=== Dataset content ===
========

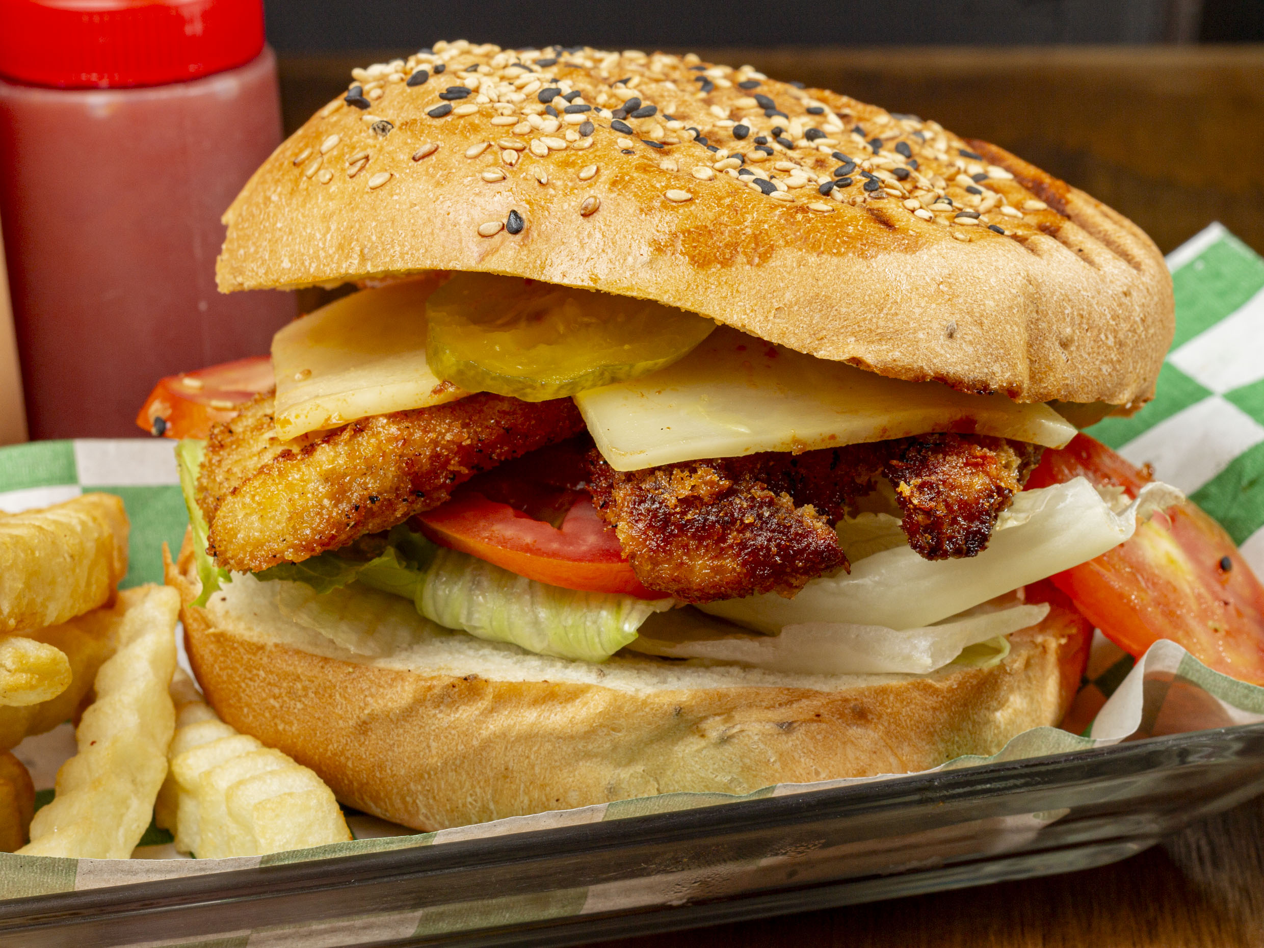 Pechuga de pollo empanizada con panko, aderezo de chipotle, queso, lechuga, jitomate
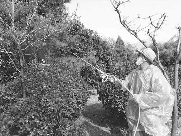 24日,在红门路附近,园林工人给树木喷洒石硫合剂。据了解,随着气温降低,许多害虫爬到树木的裂缝中过冬,涂抹这种合剂能杀虫、防病,确保树木健康生长。
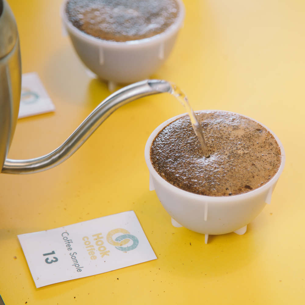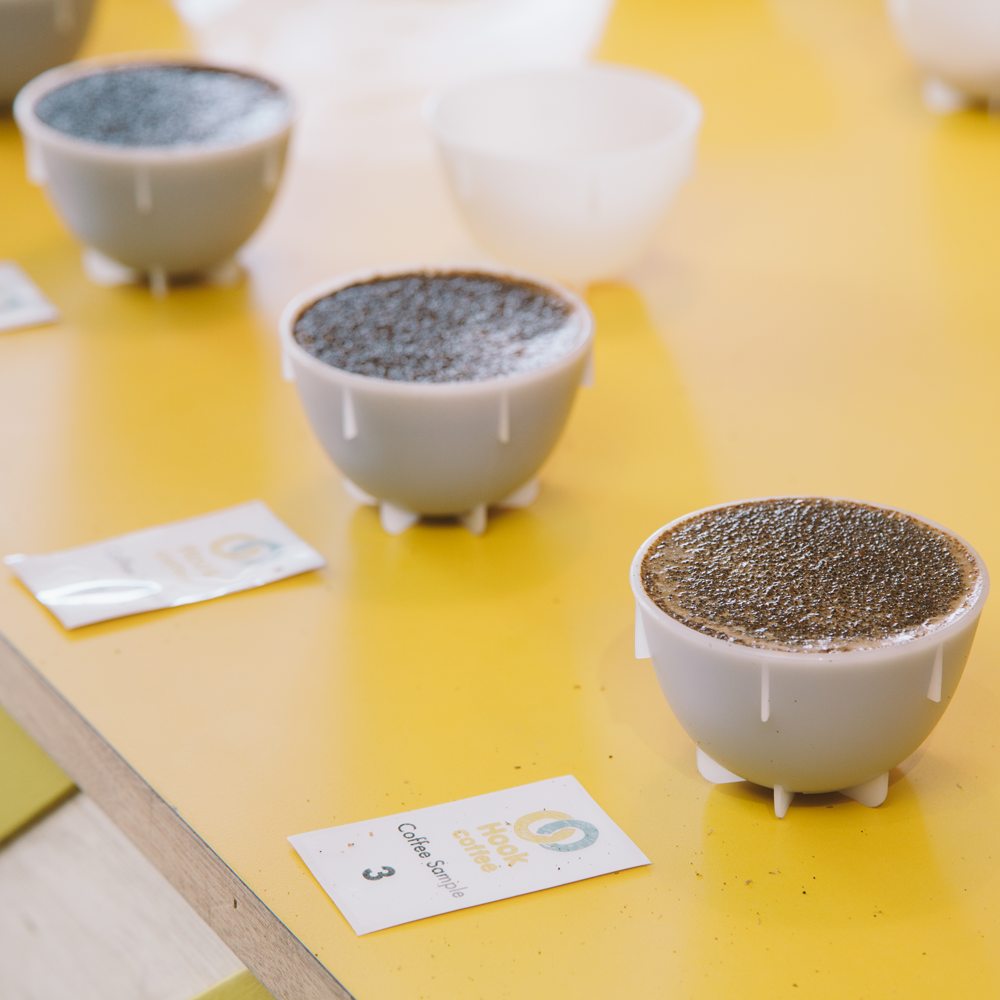Every week, I would notice Hook's Head of Coffee, Kit, get busy setting up the showroom counter. Being the curious person that I am, I'd scoot over for a look. Seeing sampling cups and labels lined up on the countertop, I'd ask the same question every time: "cupping again?"
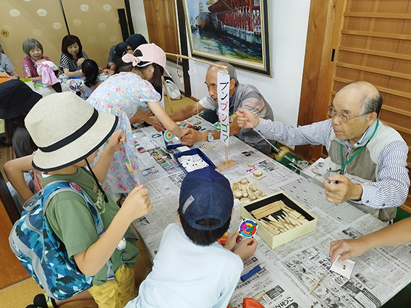 境内では住職らがポップコーンやかき氷、たこせんなどをふるまい、子どもたちは頬張りながら手すき和紙やボールすくいに挑戦。あちこちから歓声が響き渡った。本堂や書院ではブンブンゴマやバランスとんぼなど10種類以上の工作コーナーが並び、夢中になって作品を完成させる子どもたちの姿があった。

========

Exactly reproduce the lines beginning at the one that contains "24日,在红门路附近,园林工" and ending at the final line of the material, with the pictures left out.

 24日,在红门路附近,园林工人给树木喷洒石硫合剂。据了解,随着气温降低,许多害虫爬到树木的裂缝中过冬,涂抹这种合剂能杀虫、防病,确保树木健康生长。
Every week, I would notice Hook's Head of Coffee, Kit, get busy setting up the showroom counter. Being the curious person that I am, I'd scoot over for a look. Seeing sampling cups and labels lined up on the countertop, I'd ask the same question every time: "cupping again?"
 境内では住職らがポップコーンやかき氷、たこせんなどをふるまい、子どもたちは頬張りながら手すき和紙やボールすくいに挑戦。あちこちから歓声が響き渡った。本堂や書院ではブンブンゴマやバランスとんぼなど10種類以上の工作コーナーが並び、夢中になって作品を完成させる子どもたちの姿があった。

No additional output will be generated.